Ok, i normally have suggestions, but today it's my turn to be an idiot. I bought this rifle before I left for the army in late 05, and I haven't really shot it since i've been home. Before I left, it was not uncommon for me to shoot 3 round, sub-quarter size groups at 200 yards. All day. When I took it out the only time I went coyote hunting last year, I scrubbed the bore, and ran a patch or 2 through it with oil, and then shot one round through it to dry it out before I went hunting. Never shot it at anything, so when I took it out this morning, I naturally assumed it was still zeroed at 200 yards. Well, it seems to be zeroed there, but the bullets aren't hitting there. Or anywhere inparticular. They now have a spread of about 8-9 inches. I've tried everything short of switching scopes. I made sure it was pillar bedded properly, I adjusted my cheek rest to a better position, I shot different factory loads and weights from a sandbag. I even took it to the gunsmith to have him look at the trigger, and I still can't figure out why its not shooting right.

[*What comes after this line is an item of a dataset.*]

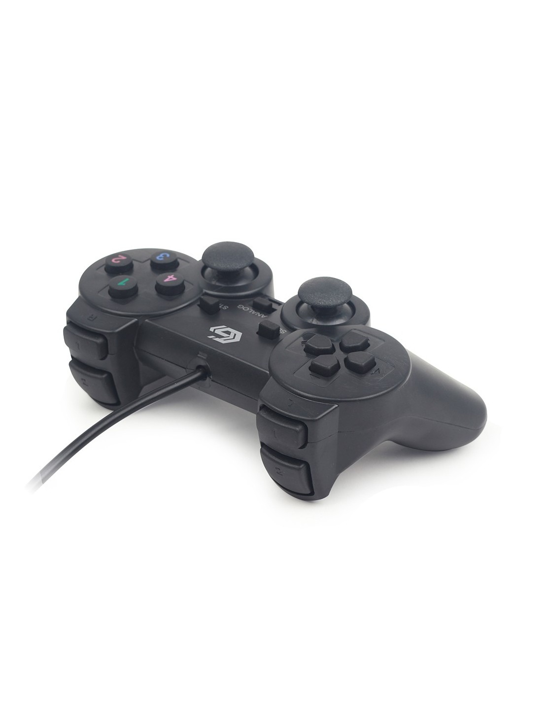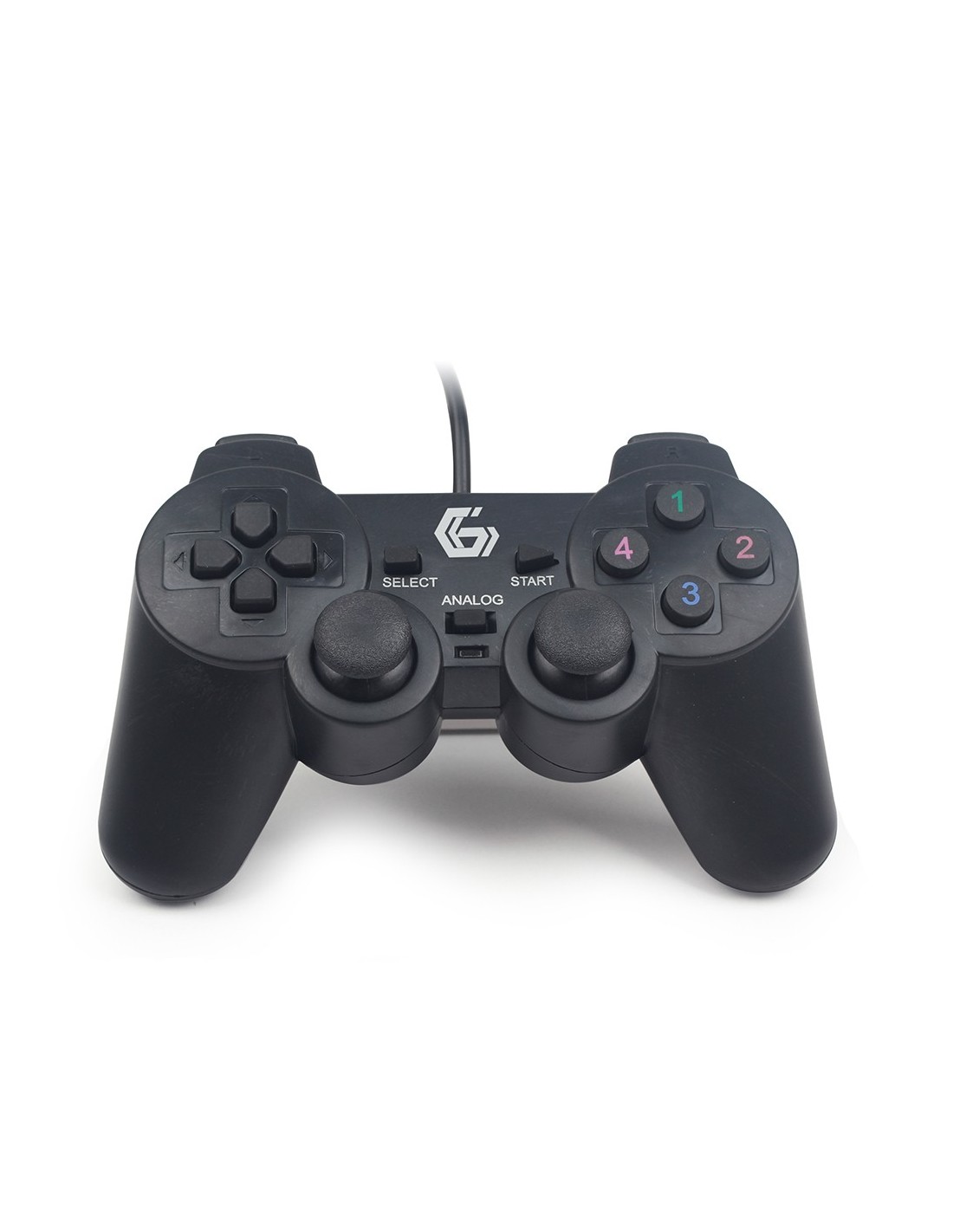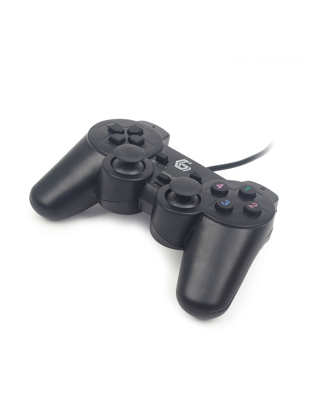 Gembird JPD-UDV-01. Tipo de dispositivo: Gamepad, Plataformas de juego soportadas: PC, Botones de función control para gaming: Cruceta. Tecnología de conectividad: Alámbrico, Interfaz del dispositivo: USB 2.0. Color del producto: Negro, Longitud de cable: 1,8 m. Sistema operativo Windows soportado: Windows 10 Education, Windows 10 Education x64, Windows 10 Enterprise, Windows 10 Enterprise x64,.... Ancho: 80 mm, Profundidad: 165 mm, Altura: 110 mm

Even at 25 yards, it will put the first round dead center, and the next will be half an inch to the left, and then to the right, or vice versa. I know i'm not pulling the trigger, and I know its not my breathing. HELP!!!


----------



## Horsager (Aug 31, 2006)

I'd make sure all the scope hardware is tight. If it is, try a scope from a different rifle that you know is working. The scope isn't generally the 1st place I look, but when everything else checks out that's the next step.


----------



## sharpshooter_boss (Oct 26, 2005)

I'm going to switch out the scope tomorrow. I also rigged up a impromtu (spelling?) cheek rest for my straight stock. I'm running a 6x24x50mm, so the scope is up there a ways. hard to get proper positioning and eye relief without one.


----------



## sharpshooter_boss (Oct 26, 2005)

hey, just had a crazy thought...was reading another forum and they were talking about possibly having the top straps on the scope rings too tight. Could that possibly be where my inacuracy is coming from? and if they ARE too tight, then if i loosen them back up and tighten them to the correct poundage, do u think there would be irriversible damge to the tube?


----------



## sharpshooter_boss (Oct 26, 2005)

I loosened and re-tightened the top straps to a more suitable tightness this morning. took it out but i only had a 12" shoot-n-c, so I put it on the 200 yard steely. the first 5 rounds pretty much blew a fist size hole in the shoot-n-c, so after that i had no idea where they were hitting. but its shooting better. just not sure how much better...


----------



## Horsager (Aug 31, 2006)

A can of spray paint on the steel works better than any paper targets.


----------



## sharpshooter_boss (Oct 26, 2005)

thanks for the tip. it is a pretty beat up target anyway..might make it look better haha


----------



## Horsager (Aug 31, 2006)

White paint with a flourescent aiming point works well. Crosshairs show up on the white well and the flourescent gives some contrast to get you aiming at the same spot each time. Call it an $8 upgrade that'll work dozens of times.


----------



## Acer (Aug 17, 2007)

For targets most times I just white paper and orange target stickers. Like Horsager said the crosshairs show up very well and the orange gives a focus point. I also use the shoot and see targets by birchwood. The fact they show birght yellow for the bullet hole helps give you an idea how your shooting right then with out having to take my attention off of the target focal point. With this I can focus on the target and see right away how I am hitting, this allowing for instant sope tweeks without having to move from my shooting rest. The only down fall is the black of the target can be hard to get a spacific focal point. Thats where the orange stickers can come in handy again. :2cents:


----------



## sharpshooter_boss (Oct 26, 2005)

o yes, the 12" shoot and see I was using was working awesome, it was just the fact that it was on a steel plate and the effect of the bullet striking the plate was somewhat...devestating on the shoot and see target. i went downrange and looked at it when i was finished for the day and just one .223 round made an inch size hole in the shoot and see...i guess cause of splatter effect or somethin?


----------